Kavanaugh’s long-forgotten letter to seven Georgetown Prep schoolmates surfaced Tuesday. While organizing their 1983 visit to Ocean City, Maryland, Kavanaugh jokingly offered “a good idea…warn the neighbors that we’re loud, obnoxious drunks with prolific pukers among us. Advise them to go about 30 miles.”
This set critics’ tongues flapping.
“If you’re going to set yourself up to be a choir boy, there had damn well better be evidence that you are a choir boy,” CNN host Don Lemon scolded. Anchor Chris Cuomo added, “You better be able to sing.”
But Kavanaugh never claimed to be a choir boy. In fact, as the Senate Judiciary Committee dissected him on September 27, Kavanaugh mentioned “beer” or “beers” 46 times.
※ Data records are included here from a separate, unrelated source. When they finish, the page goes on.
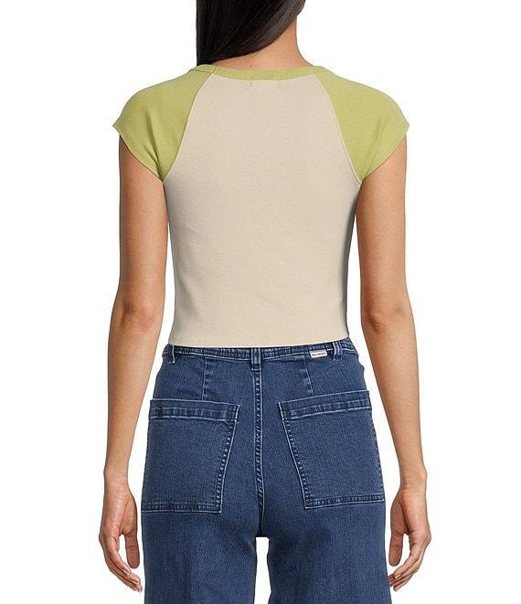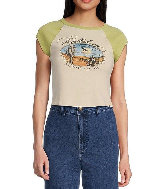 From Billabong, this t-shirt features:Color block designRound necklineRaglan short sleeves"Billabong" logo and graphic on the frontBranded metal platePullover stylingCropped silhouetteCotton/elastane 1x1-rib knitMachine wash/tumble dryImported.
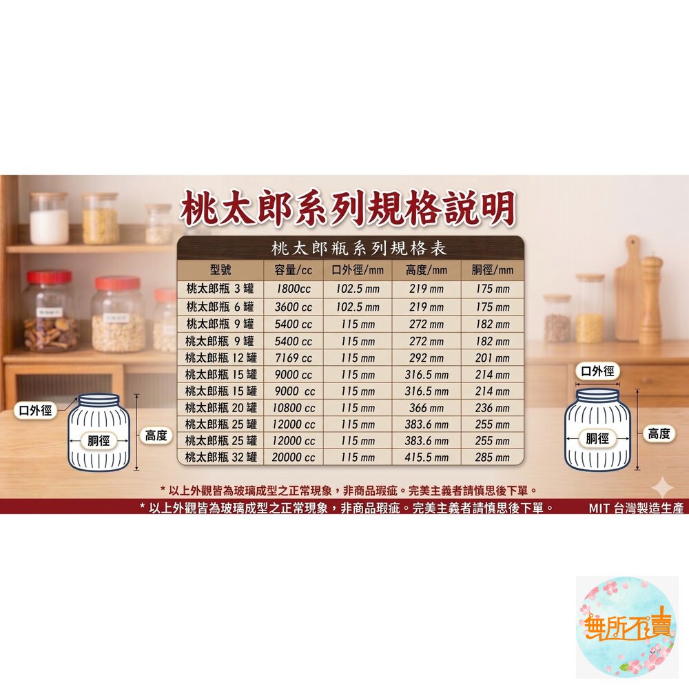 多種容量選擇:3.5L~25L 多規格,附推薦裝量(如9L罐約可裝4斤梅子)
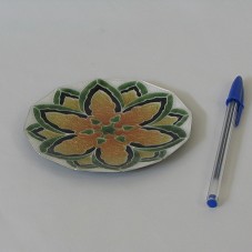 CONJUNTO COM CINCO PIRES (11,5 CM DE DIÂMETRO, CADA) EM METAL PRATEADO, BORDA EM DOZE FACES, TRABALHADO EM ESMALTE-CLOISONNÈ, COM DESENHO DE UMA FLOR, EM VERDE, PRETO E TONALIDADES DE DOURADO. FUNDO POSTERIOR PINTADO DE PRETO, COM ETIQUETA 'ANDO CLOISONNE'. ACONDICIONADO EM CAIXA PRATEADA. ACOMPANHA INFORMATIVO SOBRE A PEÇA.
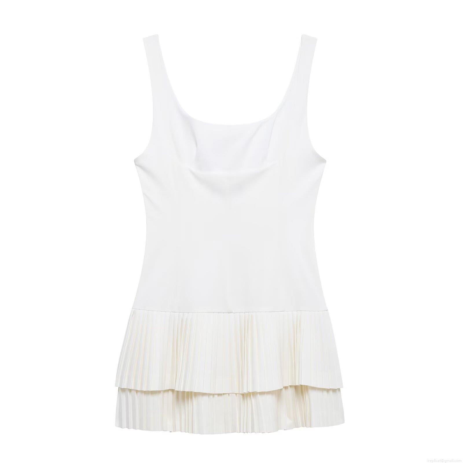 • Elegant Women's Sleeveless Square Neck Pleated A-Line Mini Dress Solid Color Double Layer Hem Commuter Summer Short Dress For Ladies Polyester
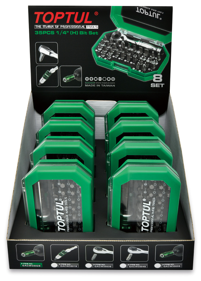 Приобрести Набор бит 1/4" с трещоткой 35 пр. Display Box (8 комплектов) TOPTUL GACW3503S от компании Toptul (Тайвань) из раздела Наборы бит по цене 23 430 рублей.

“Yes, we drank beer,” Kavanaugh testified. “My friends and I, the boys and girls. Yes, we drank beer. I liked beer. Still like beer. We drank beer.”
He and his pals, Kavanaugh admitted, “sometimes probably had too many beers, and sometimes other people had too many beers.”
Kavanaugh began keeping calendars “in ninth grade, in 1980.” They included, he said, “about what you would expect from a kid; some goofy parts, some embarrassing parts.”
But this sinner had a future.
Kavanaugh grew up, worked in President G.W. Bush’s White House, and served on the D.C. Circuit Court, arguably SCOTUS’ J.V. team.
Where would we all be if we were judged for life based on our 18-year-old selves?
Consider the man who penned these words.
“I spent the last two years of high school in a daze,” Obama wrote in "Dreams from My Father: A Story of Race and Inheritance." “I kept playing basketball, attended classes sparingly, drank beer heavily, and tried drugs enthusiastically.”
And don’t forget Obama’s use of “blow” — a.k.a. cocaine. As he wrote about high school, “Pot had helped, and booze; maybe a little blow when you could afford it.”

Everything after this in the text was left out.